10https://www.betweenthecovers.com/pages/books/395759/rev-j-h-hector/broadside-announcement-2-western-new-york-prohibition-rallies-rev-j-h-hector-the-black-knight?soldItem=true

11Elizabeth Risdon, “Letter,” Gospel Banner (May 9 1899) p 12; “Report,” (January 23 1900) p 9; “Testimonies,” (February 20 1900) p 11.

12“The Strange Case of the MBiC East End Mission,” posted April 6 2024.

13Lindsay Reynolds, Footprints: The Beginnings of the C&MA in Canada (Toronto: The C&MA in Canada, 1981) p 196. The founder of the C&MA, Canadian-born Albert B Simpson, thought he was steering between Keswick and Wesleyan holiness theologies in a more biblical track, but most observers find little difference between his brand and Keswick (“Deeper Life”) teachings.
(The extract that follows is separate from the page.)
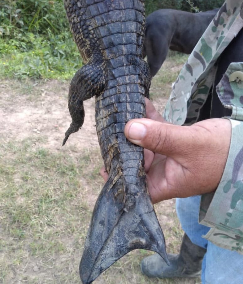 В Южной Америке поймали каймана с раздвоенным хвостом.
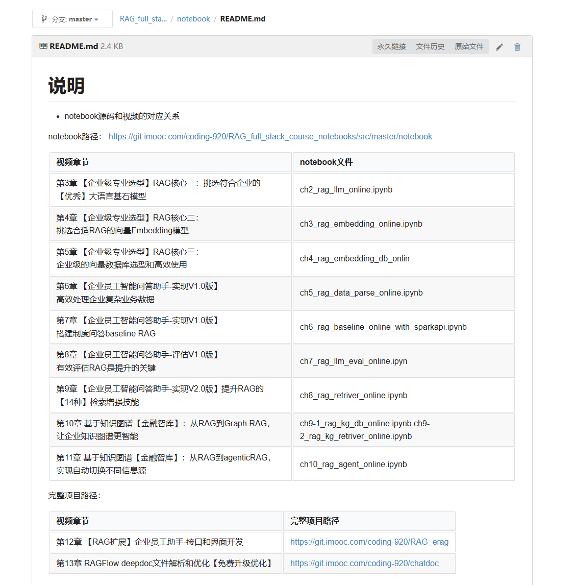 对于您的困扰表示抱歉。代码和章节已经更新到课程的git上了https://git.imooc.com/coding-920/RAG_full_stack_course_notebooks/src/master/notebook/README.md。

I wonder if Mrs Risdon was aware of these affinities?

14Reynolds, p 198.

15Reynolds, p 198. Reynolds does not mention his sources for Mrs Risdon’s contribution; likely Alliance publications.

16Two appeared in 1903: a devotional, Gospel Banner (May 16 1903) p 2, and “Retrospective,” (June 20 1903) p 15, which has a few biographical references, unfortunately not very specific.

17Elizabeth Risdon, “Keep Thyself Pure,” Gospel Banner (February 1 1912) p 3. The later article, from (March 28 1912) p 1-2, includes a dream she experienced during a time of trials; again, not dated.

One response to “Mrs Elizabeth Risdon: Mystery Woman, Part 2”

  1. samjaysteiner Avatar
    samjaysteiner

    You’ve done some excellent research on this woman, Clare. I hope you can finally completely identify her!